Hello, guys.
I've faced a strange error after upgrading from Docker 17.03.0 to Docker 17.12.0.
Any request to a docker machine returns next:
Unable to query docker version: Get https://10.0.47.10:2376/v1.15/version: x509: cannot validate certificate for 10.0.47.10 because it doesn't contain any IP SANs
Example: https://screencast.com/t/Kl1XNeQkRCpk
Here is what docker machine with Debug flag returns (this is not ls
, but env
command):
Docker Machine Version: 0.13.0, build 9ba6da9
Found binary path at /usr/local/bin/docker-machine
Launching plugin server for driver generic
Plugin server listening at address 127.0.0.1:54261
() Calling .GetVersion
Using API Version 1
() Calling .SetConfigRaw
() Calling .GetMachineName
(<machine name>) Calling .GetURL
Reading CA certificate from /<my home dir>/.docker/machine/certs/ca.pem
Reading client certificate from /<my home dir>/.docker/machine/certs/cert.pem
Reading client key from /<my home dir>/.docker/machine/certs/key.pem
Error checking TLS connection: Error checking and/or regenerating the certs: There was an error validating certificates for host "10.0.47.10:2376": x509: cannot validate certificate for 10.0.47.10 because it doesn't contain any IP SANs
You can attempt to regenerate them using 'docker-machine regenerate-certs [name]'.
Be advised that this will trigger a Docker daemon restart which might stop running containers.
Here is how it looks like: https://screencast.com/t/4ncZTclnd
docker-machine regenerate-certs [name]
- does not help at all :)
I've already:
~/.docker/
folder, reset Docker data to factory defaults and reinstalled Docker from scratch.
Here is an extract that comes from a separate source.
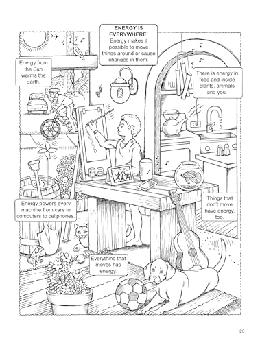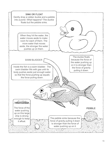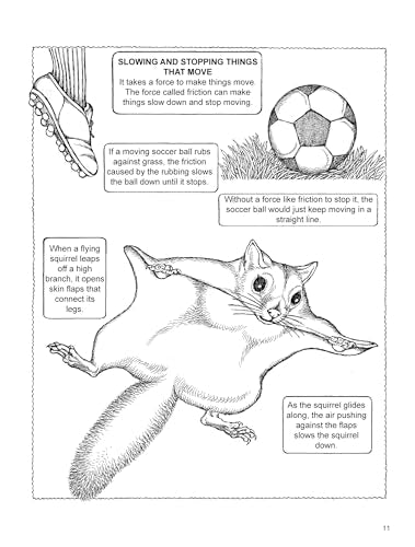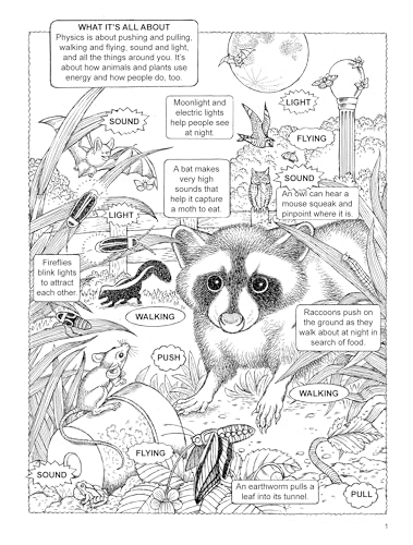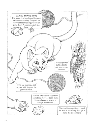 Find out how things move, how you see and hear, what electricity is, and what's inside an atom. These 46 detailed, full-page illustrations with easy-to-understand captions will introduce you to the most basic concepts of physics, using memorable examples drawn from nature.

So, Docker regenerated that folder.As I understood, x509 can't verify exactly that separate certificate which is stored along from machine certificates. I've checked it and it really does not contain any SAN. But it is auto-generated and is used for all machines as I see => should not contain and SAN.
On the other hand, every docker machine certificate contains SANs and looks correcly. See next listing...
There are two folders in ~/.docker/machine/
:
machines
folder with machines certificates in it. Each machine certificate looks like:openssl x509 -in ~/.docker/machine/machines/<machine name>/server.pem -text
Certificate:
Data:
Version: 3 (0x2)
Serial Number:
8e:d6:84:90:cf:46:a8:3c:17:56:d7:80:da:1f:9d:e2
Signature Algorithm: sha256WithRSAEncryption
Issuer: O=andrey
Validity
Not Before: Jan 24 10:16:00 2018 GMT
Not After : Jan 8 10:16:00 2021 GMT
Subject: O=andrey.<docker machine name>
Subject Public Key Info:
Public Key Algorithm: rsaEncryption
Public-Key: (2048 bit)
Modulus:
...
Exponent: 65537 (0x10001)
X509v3 extensions:
X509v3 Key Usage: critical
Digital Signature, Key Encipherment, Key Agreement
X509v3 Extended Key Usage:
TLS Web Server Authentication
X509v3 Basic Constraints: critical
CA:FALSE
X509v3 Subject Alternative Name:
DNS:localhost, IP Address:10.0.47.10
Signature Algorithm: sha256WithRSAEncryption
....
So, there are SANs: DNS:localhost, IP Address:10.0.47.10
and it should be valid.
certs
folder with some common certificate there. I'm not sure when Docker engine uses it. It looks like this:openssl x509 -in ~/.docker/machine/certs/cert.pem -text
Certificate:
Data:
Version: 3 (0x2)
Serial Number:
3f:09:e3:71:8d:4b:26:14:f1:e4:bb:20:97:ee:cd:98
Signature Algorithm: sha256WithRSAEncryption
Issuer: O=andrey
Validity
Not Before: Jan 24 10:52:00 2018 GMT
Not After : Jan 8 10:52:00 2021 GMT
Subject: O=andrey.<bootstrap>
Subject Public Key Info:
Public Key Algorithm: rsaEncryption
Public-Key: (2048 bit)
Modulus:
...
Exponent: 65537 (0x10001)
X509v3 extensions:
X509v3 Key Usage: critical
Digital Signature
X509v3 Extended Key Usage:
TLS Web Client Authentication
X509v3 Basic Constraints: critical
CA:FALSE
Environment:
_Local machine:_
Client:
Version: 17.12.0-ce
API version: 1.35
Go version: go1.9.2
Git commit: c97c6d6
Built: Wed Dec 27 20:03:51 2017
OS/Arch: darwin/amd64
Server:
Engine:
Version: 17.12.0-ce
API version: 1.35 (minimum version 1.12)
Go version: go1.9.2
Git commit: c97c6d6
Built: Wed Dec 27 20:12:29 2017
OS/Arch: linux/amd64
Experimental: true
docker-machine version 0.13.0, build 9ba6da9
OpenSSL 1.0.2n 7 Dec 2017
_Remote Docker machines:_
Client:
Version: 17.12.0-ce
API version: 1.35
Go version: go1.9.2
Git commit: c97c6d6
Built: Wed Dec 27 20:11:19 2017
OS/Arch: linux/amd64
Server:
Engine:
Version: 17.12.0-ce
API version: 1.35 (minimum version 1.12)
Go version: go1.9.2
Git commit: c97c6d6
Built: Wed Dec 27 20:09:53 2017
OS/Arch: linux/amd64
Experimental: false
generic
Ubuntu 16.04.3 xenial
OpenSSL 1.0.2g 1 Mar 2016
So, the question is: Is that some kind of bug in generic
driver and it should not verify that comon certificate? Is that Docker upgrade procedure does not clean up needed data? Did I do something wrong?
Thank you in advance.
Seems almost no one faced with this.
Could "resolve" on my end by switching back to 17.03.0 for a while.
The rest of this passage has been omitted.